══ SUPPLIED INFORMATION

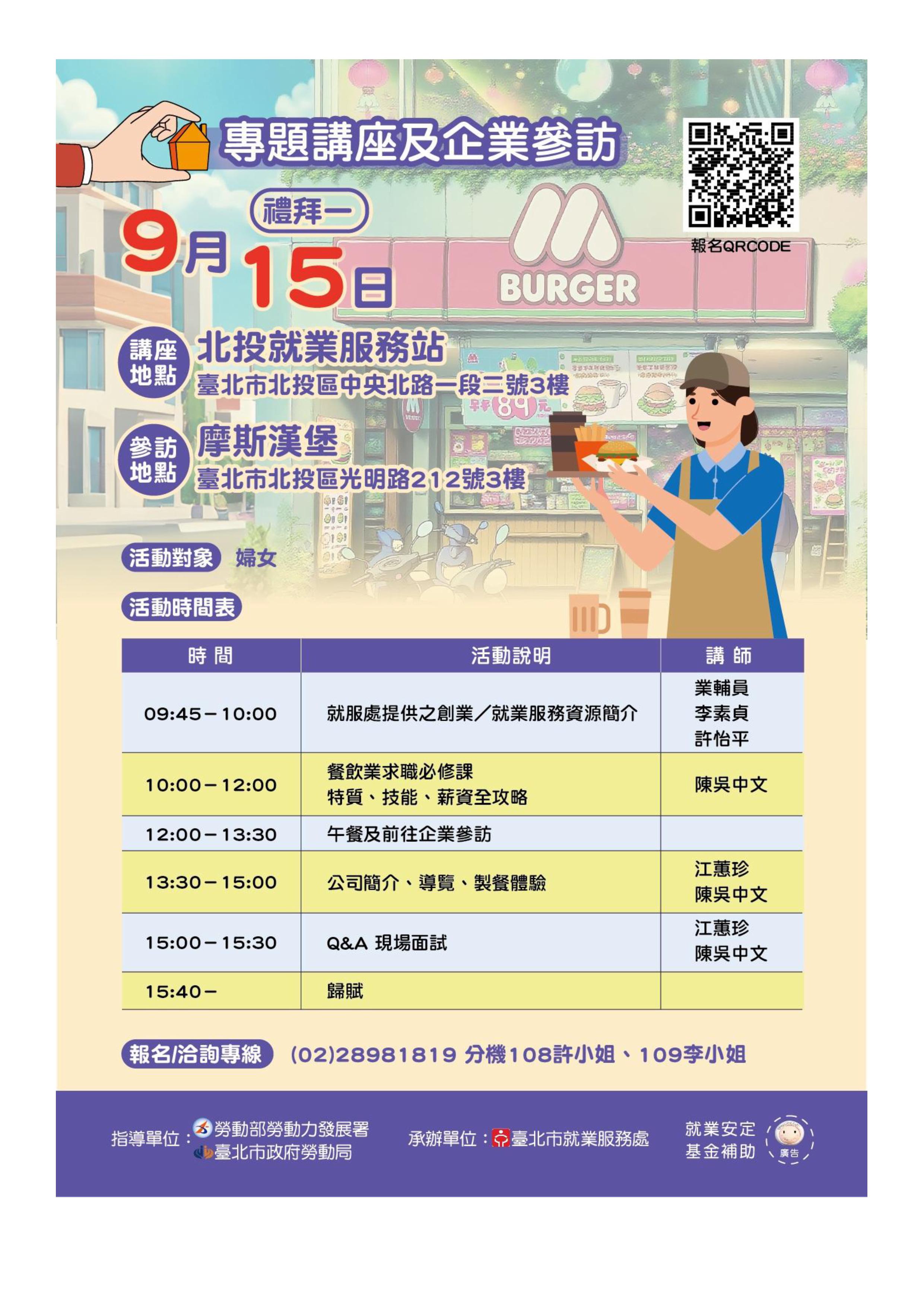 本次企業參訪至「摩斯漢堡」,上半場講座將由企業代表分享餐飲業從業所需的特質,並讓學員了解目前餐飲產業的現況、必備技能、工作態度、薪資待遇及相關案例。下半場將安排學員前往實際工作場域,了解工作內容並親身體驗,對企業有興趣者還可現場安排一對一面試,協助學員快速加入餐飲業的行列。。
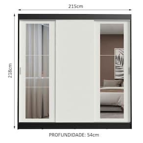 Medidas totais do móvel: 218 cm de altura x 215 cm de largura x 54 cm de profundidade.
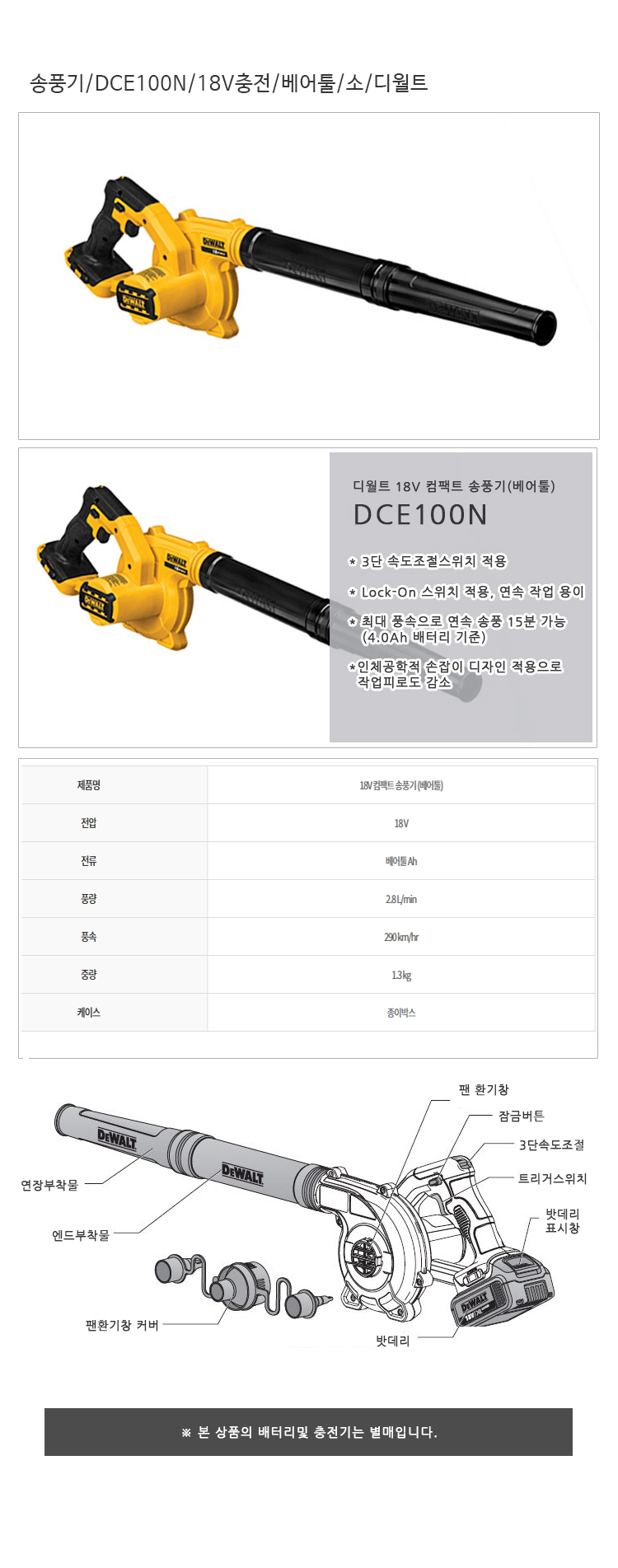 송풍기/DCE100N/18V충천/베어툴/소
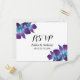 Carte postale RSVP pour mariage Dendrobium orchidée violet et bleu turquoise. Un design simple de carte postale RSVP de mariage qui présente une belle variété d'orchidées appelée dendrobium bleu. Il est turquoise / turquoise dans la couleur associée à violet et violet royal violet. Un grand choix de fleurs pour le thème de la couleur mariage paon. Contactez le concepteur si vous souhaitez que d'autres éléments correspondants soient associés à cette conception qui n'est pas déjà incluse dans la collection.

════

◆ **BRIEF**:
Reproduce the material above exactly but drop all images.

◆ **TASK RESPONSE**:
 本次企業參訪至「摩斯漢堡」,上半場講座將由企業代表分享餐飲業從業所需的特質,並讓學員了解目前餐飲產業的現況、必備技能、工作態度、薪資待遇及相關案例。下半場將安排學員前往實際工作場域,了解工作內容並親身體驗,對企業有興趣者還可現場安排一對一面試,協助學員快速加入餐飲業的行列。。
 Medidas totais do móvel: 218 cm de altura x 215 cm de largura x 54 cm de profundidade.
 송풍기/DCE100N/18V충천/베어툴/소
 Carte postale RSVP pour mariage Dendrobium orchidée violet et bleu turquoise. Un design simple de carte postale RSVP de mariage qui présente une belle variété d'orchidées appelée dendrobium bleu. Il est turquoise / turquoise dans la couleur associée à violet et violet royal violet. Un grand choix de fleurs pour le thème de la couleur mariage paon. Contactez le concepteur si vous souhaitez que d'autres éléments correspondants soient associés à cette conception qui n'est pas déjà incluse dans la collection.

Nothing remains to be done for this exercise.